> Instructions to follow
Within this material, state how many lines include the string "when". Reply with the number only.

——————

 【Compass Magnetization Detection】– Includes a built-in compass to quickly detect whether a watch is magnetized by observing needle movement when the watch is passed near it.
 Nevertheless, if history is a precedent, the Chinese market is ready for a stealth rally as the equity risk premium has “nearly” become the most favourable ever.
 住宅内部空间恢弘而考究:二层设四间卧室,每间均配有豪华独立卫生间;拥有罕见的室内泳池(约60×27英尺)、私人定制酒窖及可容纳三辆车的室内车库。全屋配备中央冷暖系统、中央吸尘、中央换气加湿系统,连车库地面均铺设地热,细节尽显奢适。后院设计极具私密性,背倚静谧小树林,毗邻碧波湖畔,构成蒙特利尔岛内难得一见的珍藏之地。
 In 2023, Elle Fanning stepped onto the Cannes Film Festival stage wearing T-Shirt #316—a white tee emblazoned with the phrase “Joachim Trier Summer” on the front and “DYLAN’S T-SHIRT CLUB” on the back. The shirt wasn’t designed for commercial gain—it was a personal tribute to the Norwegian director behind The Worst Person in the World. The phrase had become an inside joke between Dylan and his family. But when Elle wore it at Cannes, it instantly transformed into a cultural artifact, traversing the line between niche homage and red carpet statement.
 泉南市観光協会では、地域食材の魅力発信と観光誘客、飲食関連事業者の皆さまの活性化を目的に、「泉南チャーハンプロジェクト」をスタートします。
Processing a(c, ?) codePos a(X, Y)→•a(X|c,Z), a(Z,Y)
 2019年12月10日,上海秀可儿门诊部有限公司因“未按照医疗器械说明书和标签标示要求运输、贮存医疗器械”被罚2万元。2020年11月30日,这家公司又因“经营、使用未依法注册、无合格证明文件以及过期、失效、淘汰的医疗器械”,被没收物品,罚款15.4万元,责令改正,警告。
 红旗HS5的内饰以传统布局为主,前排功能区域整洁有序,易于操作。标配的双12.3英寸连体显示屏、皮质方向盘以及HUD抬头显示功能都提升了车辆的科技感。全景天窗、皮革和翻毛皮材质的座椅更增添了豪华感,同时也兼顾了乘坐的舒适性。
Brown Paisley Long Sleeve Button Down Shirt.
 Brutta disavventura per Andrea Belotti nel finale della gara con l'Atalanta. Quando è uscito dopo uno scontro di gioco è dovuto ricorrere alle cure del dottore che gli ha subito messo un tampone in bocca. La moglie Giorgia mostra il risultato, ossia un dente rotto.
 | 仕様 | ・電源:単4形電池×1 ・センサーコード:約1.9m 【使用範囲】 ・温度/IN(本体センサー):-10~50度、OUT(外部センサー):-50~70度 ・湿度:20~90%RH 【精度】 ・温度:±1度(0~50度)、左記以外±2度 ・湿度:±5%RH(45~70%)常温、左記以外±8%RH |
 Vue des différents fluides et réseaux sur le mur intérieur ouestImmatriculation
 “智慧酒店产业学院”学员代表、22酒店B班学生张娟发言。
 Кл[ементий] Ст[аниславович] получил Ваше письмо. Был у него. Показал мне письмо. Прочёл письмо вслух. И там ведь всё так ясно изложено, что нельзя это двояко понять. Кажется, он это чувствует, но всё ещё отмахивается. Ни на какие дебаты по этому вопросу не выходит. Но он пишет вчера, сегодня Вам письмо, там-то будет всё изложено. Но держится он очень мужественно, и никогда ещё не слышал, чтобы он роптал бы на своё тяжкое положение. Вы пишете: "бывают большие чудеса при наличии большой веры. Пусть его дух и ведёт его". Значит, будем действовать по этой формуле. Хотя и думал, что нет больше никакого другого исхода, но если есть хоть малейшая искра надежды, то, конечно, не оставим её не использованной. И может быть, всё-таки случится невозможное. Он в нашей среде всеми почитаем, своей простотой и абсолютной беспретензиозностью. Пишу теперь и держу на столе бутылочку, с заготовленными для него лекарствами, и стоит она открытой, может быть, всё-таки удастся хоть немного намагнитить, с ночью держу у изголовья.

——————

> Response to the exercise
2